The artist has a well-known tendency to gravitate towards the absurd moments of everyday situations, so it is natural and very rational for one to wonder what exactly he might have gotten his hands into this time. Over the past decade, Shrigley’s recognizably offbeat scribbles, graphic designs and photographs have been displayed in countless fine art shows, turned into songs by David Byrne, Liars and Grizzly Bear, and published in numerous books and collections such as Ants Have Sex in Your Beer, Kill Your Pets and Blank Page and Other Pages. His latest, What The Hell Are You Doing?: The Essential David Shrigley (Canongate Books), is a unique celebration of modern day trials and tribulations, and Shrigley’s uncanny knack to confront these issues with an insightful and often hysterical mixture of unrefined doodles and sometimes bizarre and profound narratives.

It could be argued that Shrigley’s impulse to lean towards the absurd has been with him ever since he was a “bit of a weirdo” growing up in the ’80s and doing the “normal things” like listening to The Smiths, having unrequited relationships with girls, trying to smoke dope, and on occasion, explaining to his mother why one of his chests of drawers in his room was filled with dirt from her garden.  His affinity for graffiti, vandalism and defacing unsanctioned spaces led him (probably to the relief of his mom) to Glasgow School of Art where he majored in “environmental art,” in the hopes of making works outside the gallery space. He quickly realized that what he thought would be an education involving a punk rock ideology involved projects for the city council like making concrete cows in playgrounds and creating an open dialogue with the local city officials. Needless to say, he did not give the valedictorian speech the year he graduated.

However, this is not to say that a graduation speech by Shrigley would not be a sight to behold. Quite possibly one of his greatest attributes as an artist is his gift for leaving enough room in his work for individual viewers to create their own personal meaning with each piece. Stick figures contemplate the nature of death, livestock question their owners and two bunnies have conversations where one says, “There is a land not far away from here where rabbits live in harmony with all other creatures.” The response of the second bunny? “That’s a load of shit and you know it.” The illustrations are presented in the most economical way imaginable; however, they carry a depth and grace that rivals the most sophisticated brush stroke.

I’m thinking of this when the phone rings and he is back on the other line. When asked about his approach to his work as a storyteller, Shrigley (whose hands were covered in wax because he was making a sword to be cast in bronze) says, “I try to not say too much. I don’t think anyone ever says, ‘Don’t be succinct.
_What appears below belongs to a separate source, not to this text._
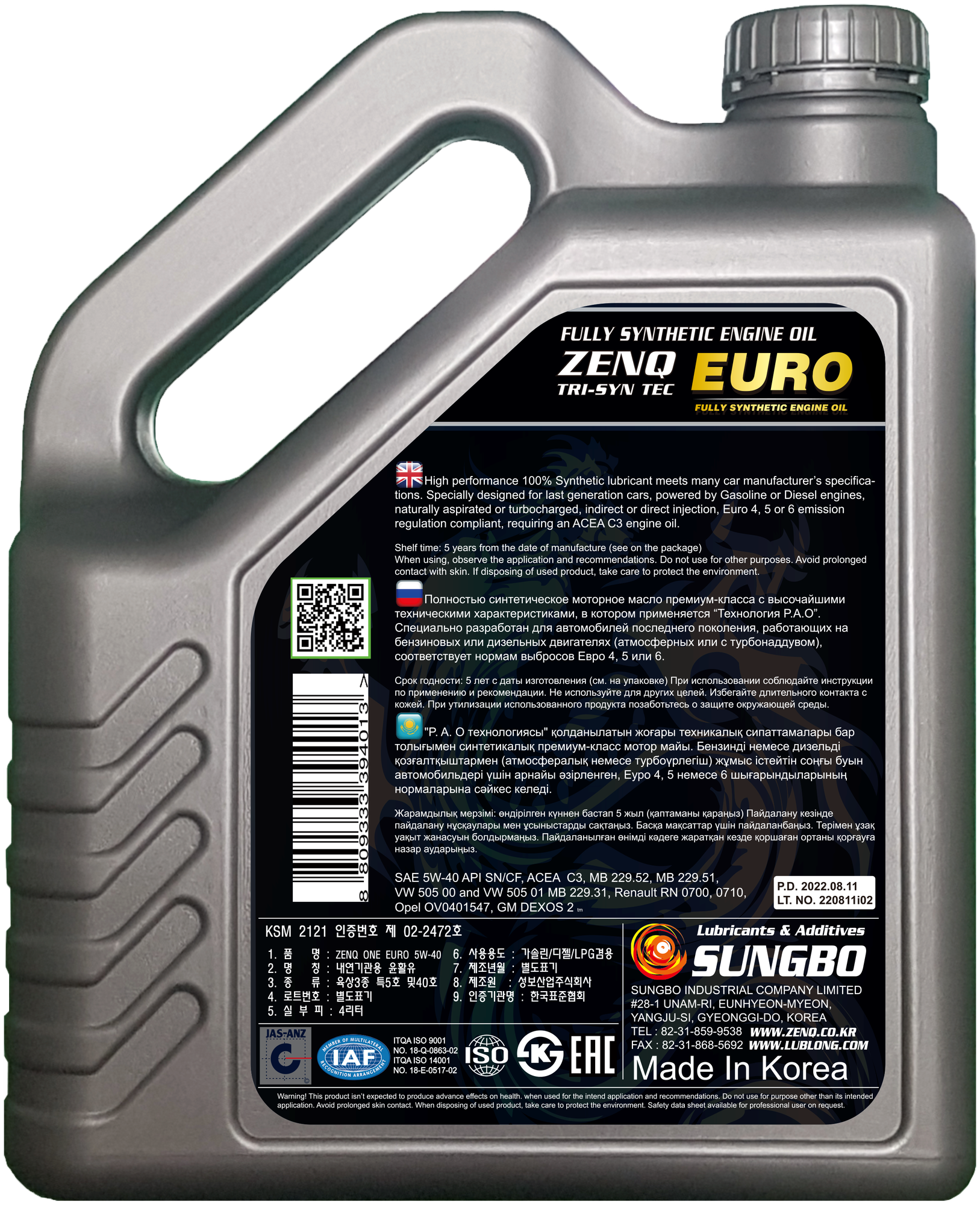 Motor. ZENQ ONE EURO 5W40 SN, C3 PAO 100% synth 4L

Please, just be as verbose as humanly possible.’ I think it is a craft to have that economy. The story is told inside a viewer’s head.”

For the next 30 minutes the conversation meanders between seals that live by the bay in San Francisco, how in the art world “neurosis is cool, but we all know that neurotic people in the real world are a pain in the ass,” and his editing process.
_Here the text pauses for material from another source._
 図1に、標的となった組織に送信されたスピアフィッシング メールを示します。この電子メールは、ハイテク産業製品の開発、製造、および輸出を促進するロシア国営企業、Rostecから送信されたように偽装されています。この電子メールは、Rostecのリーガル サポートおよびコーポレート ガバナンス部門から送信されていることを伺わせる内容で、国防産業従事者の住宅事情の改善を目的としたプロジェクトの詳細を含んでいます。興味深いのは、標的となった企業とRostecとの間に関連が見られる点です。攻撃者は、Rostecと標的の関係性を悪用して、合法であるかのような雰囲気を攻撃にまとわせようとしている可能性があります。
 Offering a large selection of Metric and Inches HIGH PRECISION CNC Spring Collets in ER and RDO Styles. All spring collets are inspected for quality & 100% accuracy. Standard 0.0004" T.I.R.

A snippet of the discussion…

What are you obsessed with today?
I’ve got this new book coming out and my publicist has made me do lots of things like Twitter.

What do you tweet?
Well, I suppose that is the eternal question, ‘What does one tweet?’

To tweet or not to tweet?
Yeah, but I have no choice, because I have a product to sell. I upload pictures and talk about them. Tweets are very short missives. It’s kind of like a diary. Someone might ask me if I could do a cover for a magazine. And I might ask, ‘Can I do whatever I want?’ They say, ‘Yes,’ but obviously they would never print what I send.
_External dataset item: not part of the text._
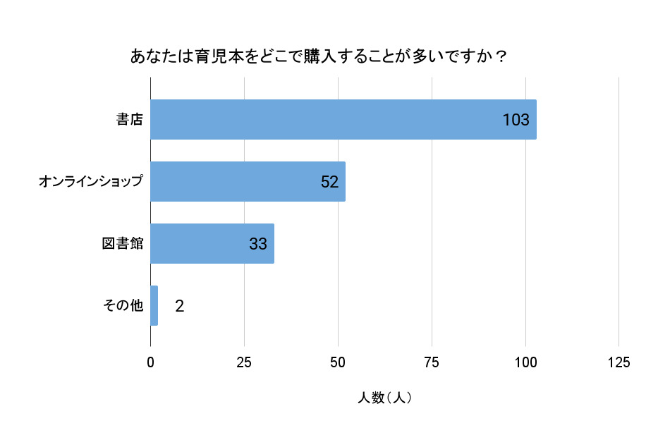 育児本を購入する場所を尋ねたところ、育児本を読む人の半数以上が「書店」(103人)と回答。やはり内容を重視するからこそ、手に取ったり似た本と比べたりして、自分にいちばん必要な本を選びたいという人が多いのかもしれませんね。

Like a big penis talking to a trampoline?
Yeah, or like, ‘This magazine is crap.’ It troubles me slightly, because there is a real vanity element to it. But I’ve been instructed to do one tweet a day, and one interesting tweet a day is better than 25 less interesting tweets. No one wants to know what I’ve been eating unless I’ve been eating something interesting, like human flesh or something.

When asked what might keep him going for the next few decades, a wax-free Shrigley laughs and says, “You have to make it mysterious for yourself; otherwise there is really no point in doing it. My criterion is that I always do something that frightens me a bit. Part of the luxury and real privilege, is the fact that I can surprise myself. If I do repeat myself it is because I have a bad memory.”